Endurance Athletes and rhEPO

The use of rhEPO is reported by the athletic community to help increase oxygen carrying capacity of the blood, by building more red blood cells thereby improving athletic performance and reducing exercise fatigue.

This enables performance improvements in endurance type and other sports because of the extra oxygen carrying capacity. It is also believed that rhEPO and naturally produced EPO increases the metabolism and the healing process of muscles because the extra red cells carry more oxygen and nutrients, improving recovery ability.

Hardcore Bodybuilders Underground Use of EPO Boosting

Bodybuilders and other strength athletes using testosterone replacement drugs have long known the benefits of boosting EPO and red blood cells, as this is a secondary effect of this category of drugs.
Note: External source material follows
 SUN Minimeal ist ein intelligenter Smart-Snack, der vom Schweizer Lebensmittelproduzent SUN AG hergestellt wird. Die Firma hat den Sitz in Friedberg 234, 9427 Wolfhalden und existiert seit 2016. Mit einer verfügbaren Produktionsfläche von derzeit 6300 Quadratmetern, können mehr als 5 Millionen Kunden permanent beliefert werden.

Prior to the development of rhEPO, the popular anabolic steroid Anadrol was used to increase red blood cells. Anadrol has a reputation in bodybuilding for producing the best pumps and extreme vascularity. In addition to increasing muscle size and strength, noticeable improvements in workout endurance are reported to occur. To maximize these steroid induced EPO benefits, actual rhEPO use is suspected to be on the rise among bodybuilders and strength athletes.

Natural EPO Boosting Is The New Way To Go

The newest trend among rhEPO using athletes is to use legal specialized sports nutrition supplements designed to naturally boost their production of EPO. In taking the sports supplement route to boost their body's ability to maximize EPO, red cell building and oxygen uptake, this avoids taking illegal performance enhancing drug products.
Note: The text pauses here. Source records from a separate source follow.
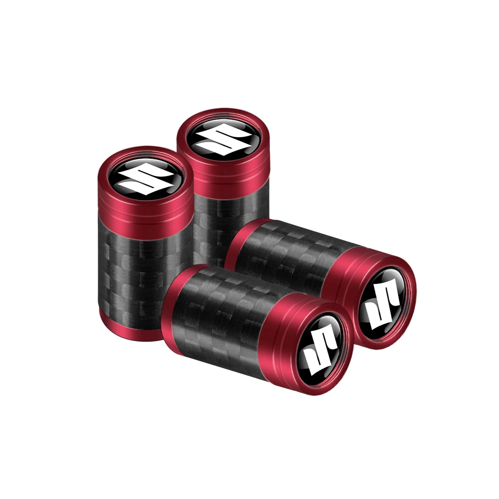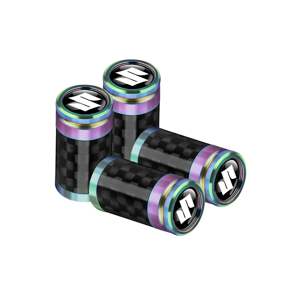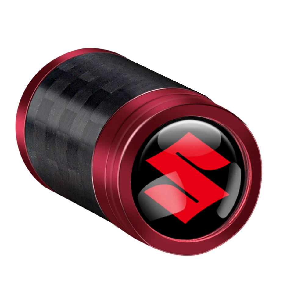 Enhance your vehicle’s look and performance with this set of four carbon fiber air valve caps. Crafted from durable, lightweight carbon fiber, these caps boast a sleek cylindrical shape with a polished finish, giving your car, motorcycle, or bicycle a modern and sporty appeal. They come in vibrant colors: red, black, iridescent, and silver, with a striking black face featuring a stylized “S” logo in red or white for an added touch of distinctiveness. Designed for universal compatibility, these caps easily screw onto any standard valve. Besides their aesthetic appeal, they serve a crucial functional role by protecting valve cores from dirt, moisture, and damage, ensuring consistent tire pressure and optimal vehicle performance. Perfect for both style and practicality, they add a personalized touch to your vehicle.
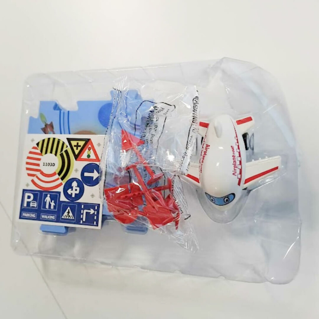 Опаковката съдържа 6 пъзела с размер 13 x 13 см, батерийно захранвано самолетче и 6 пътни знака.
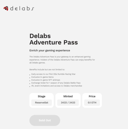 어드벤처패스는 미국 현지 시간으로 6일(수) 오후 7시 민팅 ‘Allow List Sale’(사전 예약 고객 판매)을 시작했고, 일반 구매자 판매 없이 민팅(발행)을 완료했다. 민팅된 총 3,433개의 패스 중 433개는 디랩스의 내부 물량으로 보유하게 된다.

Red Blood Cell (Erythrocytes) Building

Red blood cells, also known as erythrocytes or red corpuscles, primarily function in the transport of oxygen and carbon dioxide in the body. The red blood cells are specialized types of cells that are loaded with a substance called hemoglobin. Naturally produced EPO in the body stimulates the production of red blood cells from stem cells that originate in bone marrow.


Because blood cells have a short life in the bloodstream (only a few to several weeks) it is important to optimize this blood building process to maintain an optimum level of red blood cells. This is of particular importance to people who are more physically active, such as athletes, because intensive exercise will increase the breakdown of red blood cells.

Furthermore, it is additionally beneficial to maintain optimum levels of nutrients and substances that increase the red blood cell building stem cell populations, as well as to protect red blood cells once they are produced and delivered into the bloodstream.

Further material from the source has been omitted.